Contrairement à une idée très répandue, les monèmes chinois qui ne peuvent être
utilisés de façon indépendante sont extrêmement nombreux. Des monèmes aussi différents que
xiao, "école"; gong, "travail"; huan, "aimer (quelque chose)"; ou qi, "bizarre", ne peuvent jamais
être employés seuls. Ils doivent faire partie d'un mot au moins dissyllabique comme xuexiao,
"école" ou xiaozhu, "directeur (d'école)", gongzuo, "travailler" ou gongren, "ouvrier", xihuan,
"aimer", qiguai, "étrange", etc.
Mais même si l'on se limite aux monèmes susceptibles d'être employés seuls, on n'a
pas le droit de les assimiler à des mots dans les cas où, associés à d'autres, ils perdent leur sens
originel. Si la valeur sémantique d'un dissyllabe (ou d'un polysyllabe) est immuable quel que soit
le contexte et ne peut être déduite de la signification de chacun des monèmes constitutifs, c'est le
dissyllabe qui constitue un mot, et non chacun des monèmes.
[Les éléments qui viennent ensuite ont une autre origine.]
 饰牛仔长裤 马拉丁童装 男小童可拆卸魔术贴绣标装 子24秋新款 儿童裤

Considérons par exemple la phrase Wang xiansheng laile. Si le monème équivalait au
mot, il faudrait renoncer à la translittération officielle et transcrire Wang xian sheng lai le, ce qui
s'analyserait: "Wang" / "avant", "en premier" / "naître", "vivre" / "venir" / aspect accompli. En fait,
ce charabia intriguant veut simplement dire: "M. Wang est venu". Le mot xiansheng, "monsieur",
qui résulte d'une évolution sémantique comparable à celle qui a abouti à monsieur à partir du latin
senior, "plus âgé", n'a plus rien à voir depuis des siècles avec "né avant"; c'est un mot à part
entière, dissyllabique comme l'immense majorité des mots chinois.
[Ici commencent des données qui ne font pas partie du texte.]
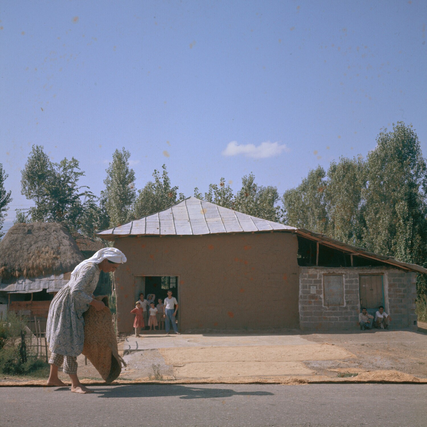 Rijst dorsen langs de weg naar de Kaspische kust.

Il est d'ailleurs significatif que dès qu'un texte chinois est translittéré en caractères
latins, quel que soit le système adopté (pinyin, ladingxua, gwoyeu romatzyh...) pourvu qu'il soit
né en Chine, les syllabes sont regroupées en mots, comme le lecteur pourra le vérifier en
consultant n'importe quel manuel de chinois. La prétendue équivalence du mot et du monème ne
fait pas partie de la réalité linguistique chinoise.
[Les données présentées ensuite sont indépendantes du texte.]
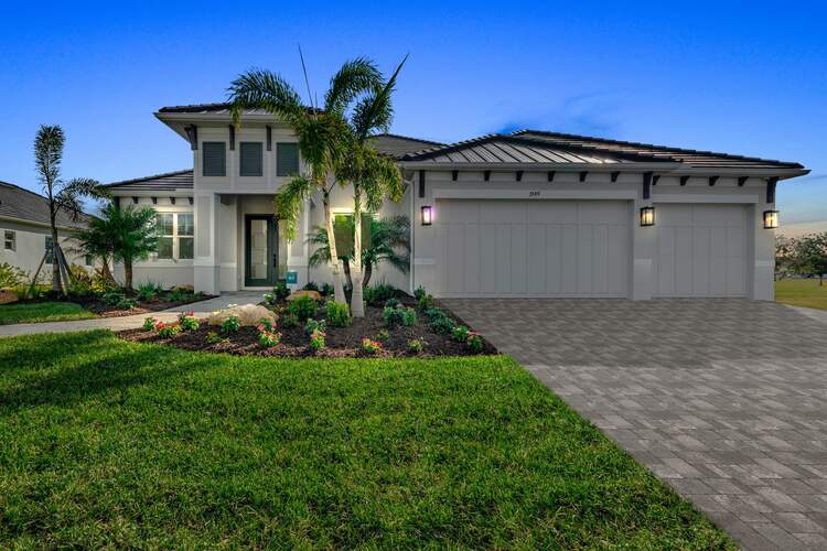 If you enjoy waking up feeling refreshed and ready for a sunny day ahead, you’ll love everything the Santa Maria 2 has to offer. This stylish, innovative home provides everything you need on one spacious floor so you have both luxury and comfort at all times. Past a charming entryway, you’ll find an elegant dining room that flows into the great room, a stunning kitchen with a contemporary island and a breakfast nook, two spacious bedrooms with two bathrooms, a media room for all of your entertaining needs, your spectacular owner’s suite and of course, an oversize lanai outside. After sunning yourself and relaxing outside, slip right into your owner’s suite to unwind. Who says you have to go to a spa to pamper yourself? Your luxurious bathroom has two walk-in closets, a walk-in shower, a soaking tub and dual vanities - all for your comfort. Best of all, this homes also comes with three garages and shelves so you have more than enough room for all the items that are import to you. As with all of our homes, a swimming pool and spa is optional for those who want to make the most of Florida living.

3.2 Un mot chinois peut-il assumer sans signe particulier la fonction de n'importe quelle
catégorie grammaticale?
Cette idée est très répandue, même chez des linguistes chevronnés ayant fait quelques années de
chinois. En anglais, on dit a bicycle, I bicycle; a fish, we fish; a table, he will table a draft
resolution. On imagine souvent que tous les mots chinois suivent ce modèle. En fait, il n'en est
rien, comme on le verra par exemple en considérant les équivalents des trois mots anglais
présentés ci-dessus.
"Vélo" se dit zixingche. Si l'image classique du chinois correspondait à la réalité, on
pourrait l'employer comme verbe à l'instar du bicycle anglais. Mais zixingche demeure toujours
un substantif, comme le prouve le fait qu'il ne peut prendre la marque de l'aspect accompli le, alors
qu'on peut dire en anglais he bicycled. Si on le fait précéder du pronom wo, "je", on obtient une
expression qui ne fait pas partie de la langue correcte: * wo zixingche, mais qui est comprise, non
dans le sens verbal de "je fais du vélo", mais comme "mon vélo" (raccourci de wode zixingche),
à moins qu'on n'y voie le début d'un énoncé incomplet tel que wo zixingche zong meiyou
kanjianguo, "je n'ai jamais vu de vélo".
De même, * wo yu n'a pas de sens en chinois. Il faut dire ou wode yu, "mon poisson",
ou wo buyu, "je pêche", où bu, "attraper", fournit l'élément verbal qui n'est jamais inclus dans yu.